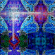 Las imágenes azules brillantes de la mariposa de monarca con color eléctrico modelan esta tela con un diseño enrrollado del caleidoscopio.
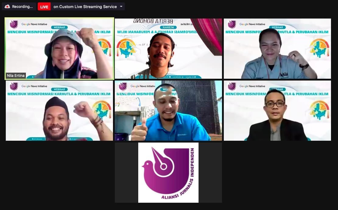 PALEMBANG – Aliansi Jurnalis Independen (AJI) Palembang bersama Google News Initiative menggelar webinar bertajuk ‘Menciduk Misinformasi Karhutla dan Perubahan Iklim’, Kamis, (14/7/2022).
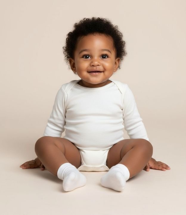 Body infantil confeccionado em ribana canelada, feito com material e boas práticas ambientais. Possui gola americana, manga longa, sem estampa.

—————

**Task brief**
I would like the material repeated in full and exactly, with its images omitted.

**Written answer**
 Las imágenes azules brillantes de la mariposa de monarca con color eléctrico modelan esta tela con un diseño enrrollado del caleidoscopio.
 PALEMBANG – Aliansi Jurnalis Independen (AJI) Palembang bersama Google News Initiative menggelar webinar bertajuk ‘Menciduk Misinformasi Karhutla dan Perubahan Iklim’, Kamis, (14/7/2022).
 Body infantil confeccionado em ribana canelada, feito com material e boas práticas ambientais. Possui gola americana, manga longa, sem estampa.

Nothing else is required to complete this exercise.